Kensio Software Blog »

@kensio/yulin v0.18.0 adds simulated CloudFormation

Hugh Grigg | Kensio Software | Tuesday 23 Jun 2026

Version 0.18.0 of the @kensio/yulin package adds simulated CloudFormation.

This feature allows you to deploy JSON templates from CloudFormation, SAM or CDK into the simulated AWS. Using your existing CloudFormation templates for local development and testing is convenient and efficient.

The simulated CloudFormation deployment only takes a few milliseconds and sets up the simulated AWS resources in the same single process alongside your Node.js application code and tests. You can step through the whole system in a debugger, as well as collect test coverage metrics from the simulated system tests.

Given a basic CloudFormation JSON output template like this:

{
  "Resources": {
    "SiteBucket": {
      "Type": "AWS::S3::Bucket",
      "Properties": {
        "BucketName": "example-site-bucket",
        "WebsiteConfiguration": {
          "IndexDocument": "index.html"
        }
      }
    }
  }
}

You can directly deploy it into the simulated AWS via the sim CloudFormation service:

import { SimAws } from "@kensio/yulin";

const simAws = new SimAws();
const simCfn = simAws.cloudFormation();

const stack = await simCfn.deployTemplate({
  stackName: "site-stack",
  template: {
    Resources: {
      SiteBucket: {
        Type: "AWS::S3::Bucket",
        Properties: {
          BucketName: "example-site-bucket",
          WebsiteConfiguration: {
            IndexDocument: "index.html",
          },
        },
      },
    },
  },
});

await stack.waitForDeployComplete();

That creates the simulated S3 Bucket and configures static website hosting for it according to the configuration in the JSON template.

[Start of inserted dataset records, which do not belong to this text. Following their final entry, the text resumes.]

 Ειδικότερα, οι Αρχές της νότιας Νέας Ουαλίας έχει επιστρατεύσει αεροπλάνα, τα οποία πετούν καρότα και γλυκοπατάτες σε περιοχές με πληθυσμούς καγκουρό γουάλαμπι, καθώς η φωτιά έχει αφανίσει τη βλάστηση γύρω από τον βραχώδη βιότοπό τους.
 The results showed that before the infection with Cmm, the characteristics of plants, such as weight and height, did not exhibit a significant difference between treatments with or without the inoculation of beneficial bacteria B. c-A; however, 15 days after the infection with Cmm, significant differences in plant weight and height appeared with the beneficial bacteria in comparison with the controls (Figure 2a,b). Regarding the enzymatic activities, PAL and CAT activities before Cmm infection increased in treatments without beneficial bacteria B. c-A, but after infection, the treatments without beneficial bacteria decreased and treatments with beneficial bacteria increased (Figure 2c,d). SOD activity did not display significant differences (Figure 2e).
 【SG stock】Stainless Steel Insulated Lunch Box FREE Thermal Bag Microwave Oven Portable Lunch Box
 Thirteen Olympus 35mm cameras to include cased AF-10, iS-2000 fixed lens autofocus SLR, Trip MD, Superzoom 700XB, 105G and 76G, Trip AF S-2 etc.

There is also a deployTemplateFile() convenience method that takes a file path and deploys the JSON template at that path into the simulated AWS:

import { SimAws } from "@kensio/yulin";

const simAws = new SimAws();

const stack = await simAws
  .cloudFormation()
  .deployTemplateFile("foo/bar/path/template.json");

await stack.waitForDeployComplete();

Because the simulated CloudFormation uses normal JSON output templates, it can deploy templates created by standard CloudFormation, SAM or CDK. You can use the existing CloudFormation setup for your project directly with the simulated AWS, making it easy to run realistic system tests and develop locally on your laptop.

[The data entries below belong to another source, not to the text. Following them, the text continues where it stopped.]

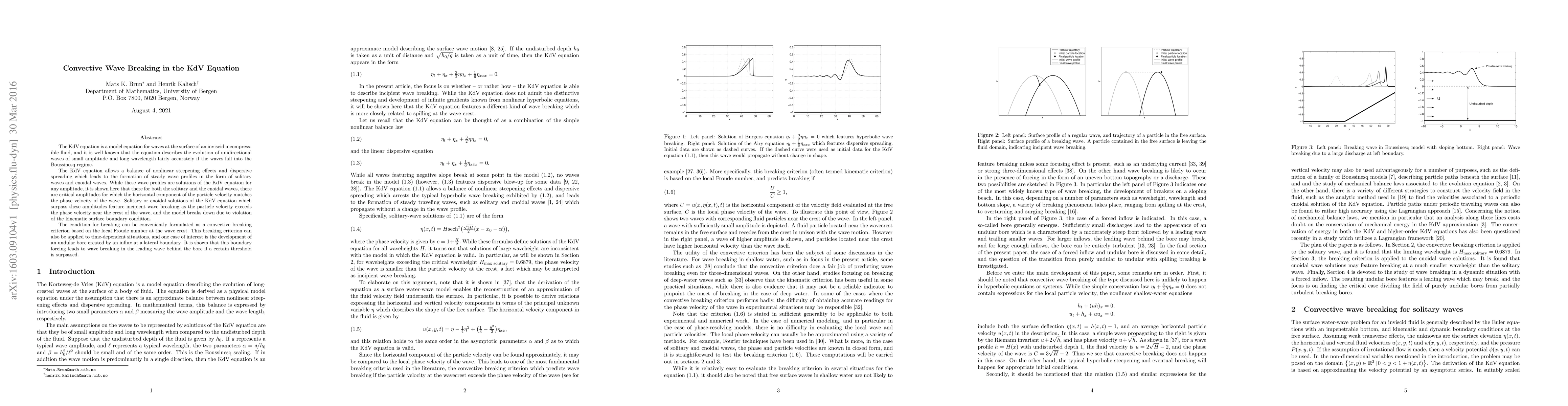 Research investigates wave breaking in the KdV equation, a model for fluid waves, finding critical amplitudes where particle velocity exceeds phase velocity, leading to breakage and breakdown of the model.
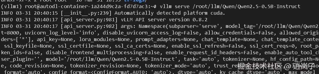vllm serve /root/autodl-tmp/llm/Qwen/Qwen2.5-0.5B-Instruct
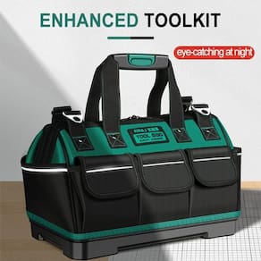 Bolsa Maleta de Ferramentas com Fundo Reforçado - Organização e Durabilidade Garantidas Se você busca praticidade e resistência para suas ferramentas, encontrou a solução ideal Apresentamos nossa Bolsa Maleta de Ferramentas com fundo reforçado, projetada para atender às necessidades dos profissionais mais exigentes. Confira as características que fazem desta bolsa a escolha perfeita para armazenar e transportar suas ferramentas com segurança: Características Principais: 14 Bolsos e Grande Capacidade: Com 8 bolsos externos e 6 bolsos internos, esta maleta oferece espaço generoso para acomodar uma variedade de ferramentas, mantendo tudo organizado e otimizando o espaço. Fácil de Escolher e Colocar: O design de abertura superior, os zíperes duplos com trava e a placa rígida interna de borracha com plástico rígido resistente que proporcionam facilidade na escolha, colocação e organização das ferramentas. Resistente à deformação, garante praticidade no uso diário. Fácil de Transportar: Equipada com alça de ombro extra ajustável, ombro de borracha acolchoado e alça de borracha, esta bolsa é fácil de transportar e alivia a fadiga das mãos e a pressão nos ombros. Além disso, é à prova d'água para enfrentar diversos ambientes de trabalho. Super Durável: Fabricada com tecido Oxford de camada dupla, densidade 1680D, esta bolsa é leve, resistente e oferece durabilidade incomparável. Projetada para resistir ao desgaste do uso intensivo, proporcionando confiabilidade a longo prazo. Proteção Abrangente: A base de de borracha e plástico ABS proporciona uma barreira eficaz contra a água, mantendo suas ferramentas limpas e secas mesmo em condições climáticas adversas, como chuva e neve. Invista na qualidade e praticidade que sua rotina profissional merece. Adquira agora a Bolsa Maleta de Ferramentas com Fundo Reforçado e tenha a certeza de contar com um produto que supera suas expectativas. Organize-se com eficiência e tenha suas ferramentas sempre à mão. Compre já

By default the simulated CloudFormation deploys CloudFront Functions from the handler source code embedded in the JSON template. This works and supports low-effort configuration. There is also an optional bindings parameter that you can use to swap in the real handler function implementations for your CloudFront Functions when deploying into simulated AWS:

import { SimAws } from "@kensio/yulin";

import { viewerRequestHandler } from "./path/to/viewer-request-handler.js";

const simAws = new SimAws();

const stack = await simAws
  .cloudFormation()
  .deployTemplateFile({
    templatePath: "cdk.out/TestStack.template.json",
    bindings: [
      {
        logicalId: "FooCloudFrontFunction",
        handler: viewerRequestHandler,
      },
    ],
  });

The simulated CloudFormation deployment uses the logicalId of the CloudFront Function to swap in the real handler function in the same process. This allows you to run the whole system simulation and step through it in a debugger, including inside CloudFront Function handler code. It also allows you to collect test coverage metrics for your CloudFront Functions.